Happy Mothers Day

So today is Mothers Day and it hits me hard every year that I do not have my very own child to have the day celebrated like most of my friends and family who can. I know it’s hard for people who have lost their mothers and I feel for these people also. I see the isles in the supermarkets stocked up with amazing gifts that mothers will receive today but the only gift I’d ever want on Mothers Day is the sign of my child being developed, the sight of my child in my arms, a hug.

Here’s a poem I’ve found to sum today up:

So I was online today in search of a mother’s day gift for myself…its a little weird considering that Im not officially a mother. But I think that all because I am not holding my child physically, does not make me any less of a mother than those that are.

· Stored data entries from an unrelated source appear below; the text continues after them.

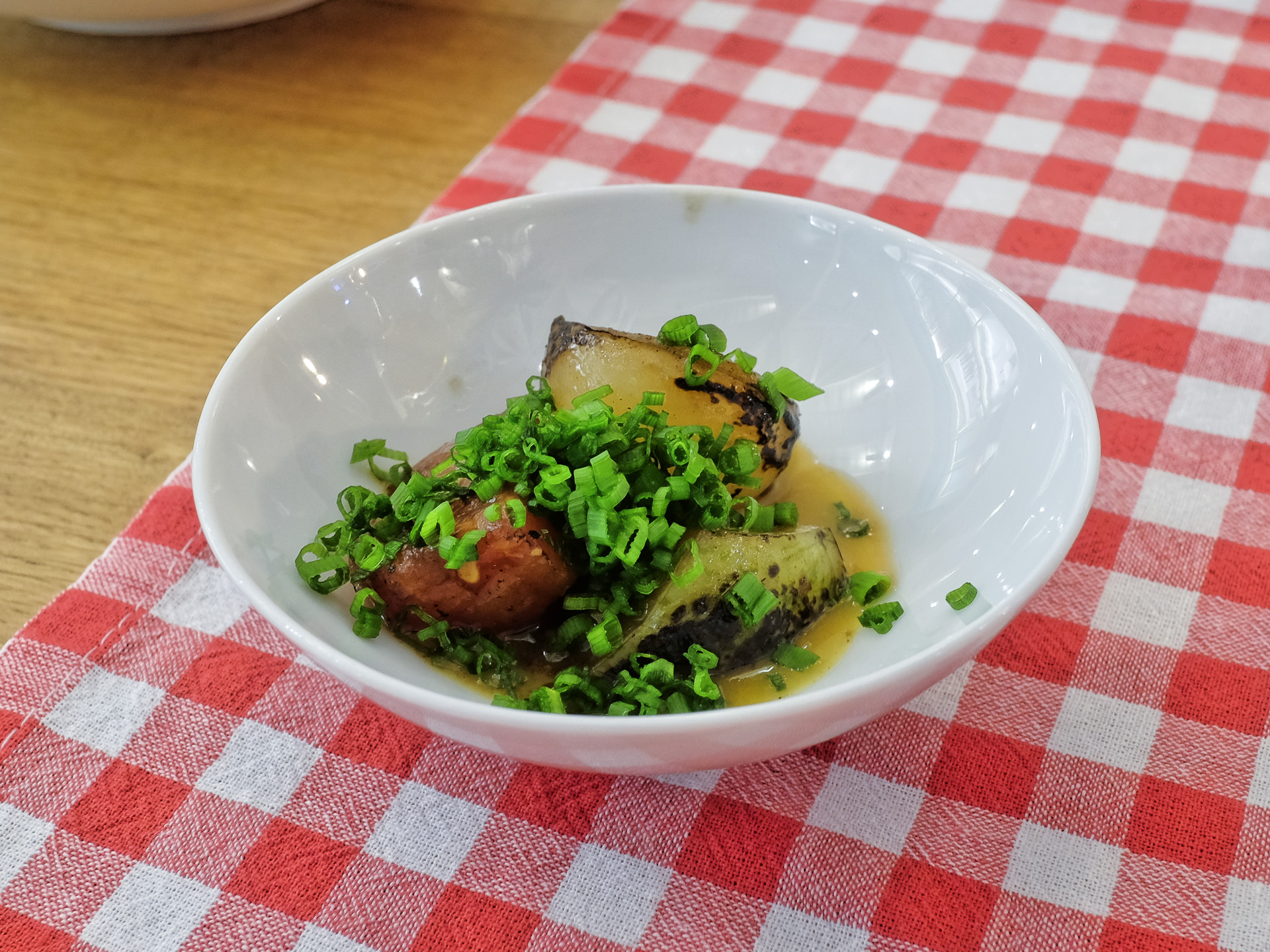 Das Gericht bestand aus roten und grünen Tomaten, die wohl z.T. gegrillt oder geräuchert waren. Dazu gab es etwas Ananassaft, Rapsöl und Sojasauce. Sehr lecker.
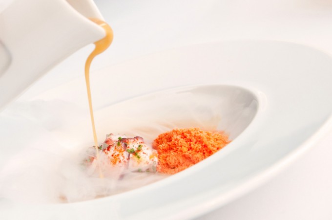 En plato sopero colocar la patata cocida caliente, encima disponer el pulpo a modo de carpaccio y espolvorear cebollino picado. Calentar la crema de marmitako a unos 70º C, dar un pequeño golpe de nitrógeno a los pequeños cristales de aceite de pimentón, colocar una cucharadita de aceite en un lateral y servir inmediatamente la crema templada sobre el nitrógeno, para crear efecto de humo.
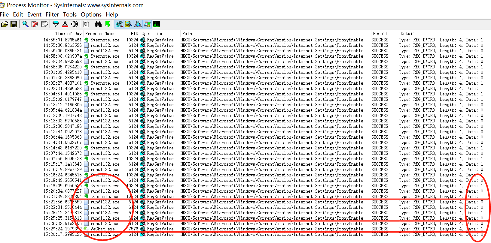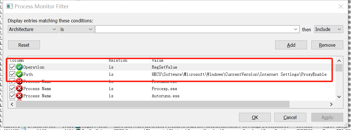 用Process Monitor 监测注册表解决win10代理服务器关不掉自动被勾选的问题

Now that I have that off of my chest, I came across this poem that touched my heart because it is something that is a very touching subject for not only myself, but all of us.

“Happy Mother’s Day”

It comes around every year;
but when you have empty arms,
it’s very hard to hear.

It’s a day to celebrate a mother,
for all the trials she overcame;
and a reminder to an infertile
of her loneliness and shame.

But what really makes a mother,
Is it just conception and birth?
Or is there something more,
that shows a mother’s worth?

It’s putting your child first,
in everything you do;
it’s sacrifice and determination,
and love and patience too.

An infertile woman makes all her plans,
around a child not yet conceived;
she loves them even though they aren’t here, more than she ever could have believed.

She appreciates and understands,
what a blessing that children are;
she works hard for just a chance,
that motherhood is not that far.

All odds are stacked against her,
and yet she still has hope;
everyday is another struggle,
finding ways to help her cope.

So even though her arms are empty,
she can still be a mother too;
So say a special “Happy Mother’s Day”
for those waiting for their dreams to come true!

Happy Mothers Day to all who are dreaming and hoping to become a mother in the future xxxx

Oh what a weekend!

Well this weekend was the lowest I have had in quite a while. Sorry if I go off on a tangent but hopefully it will make me feel a load better.

Friday

I went to school to conduct a bit of supply teaching and all went ok. Straight after, I went straight to town to get a new outfit for Saturday, this, as you can see from my previous blog about trying on clothes, did not go too well at all! In the evening we went for tea to a local pub for Ste’s 30th birthday and I still felt down about the event throughout the day. I had my food (which I felt guilty about, as I shouldn’t have had it being on the plan I am on but decided to as it was for a special occasion) and I began to feel ok.  After I finished, I went into the loo, took a glance into the mirror and saw my awful face…… the blackest bags I have EVER had under my eyes and I looked paler than I usually do!  I instantly thought about the need to cut down on the amount of stuff I am doing.  This got me feeling even worse and was quiet for the rest of the evening really.

I took my hubby and Ste out as they were continuing  the celebration at another pub and I went back to my sister in laws (Susan’s) house, where I was there until 11.30.  I went home and went straight to bed as I was in work on Saturday.  I woke myself up at 2.30am panicking as Steven wasn’t there and I forgot that he was out.  This was the start of a broken night’s sleep.

I got up in the morning and went straight to work, feeling like a bag of crap!

Saturday

I was working until 2.30 today and I was there from 9-12.30 on my own so I got through the work I needed.  I was quieter than and not as cheery as I usually am and a few people noticed this.  The lack of sleep and feeling down on Friday stayed with me.  I decided to go for ‘round 2’ of trying clothes on and it took me a while to find something.  I went home and began to get ready for Manchester.  I still looked like crap and the makeup didn’t seem to make me look any different either.

We finally got to Manchester and I decided that I wasn’t going to drink as I seem to become really ill when I do drink.  We wasn’t there long and everyone got the train back to Newton where the night continued.  I went straight home to get my car and met back up with everyone.  I was out until 2am where I was taking everyone home.  I finally got to bed with work on Sunday being close in sight.

Sunday

I got up and went straight to work, today I was on my own all day and thankfully I was busy.  I was down again due to the lack of sleep over the weekend and how rough I looked.  Chats with some of the HMV lads got my spirits up and I continued my day as normal.

As we all know it was Mothers Day too and this was hard for me.  Another year without a child or being pregnant didn’t go down too well with my thoughts.  Never the less I wished all my special friends and family with children and who were/are expecting a ‘Happy Mothers Day’.  It was nice to see that they had a lovely day.  Some people on Facebook and Twitter said that they didn’t have a good day due to some silly reasons, no matter what, if you have a child, Mothers Day would always be special in my eyes.

I got home and did the ‘Mum’ run with the hubby and finally got home and went to bed.

Upon reflection, I think that I should put this weekend behind me and look forward to the future, stay positive and remember that my family and friends are there to support me and always will be.

A big thank you for all the comments, likes and chats I have had over the weekend too.  It’s nice to hear and see that there are so many of you who are enjoying my blog and following it.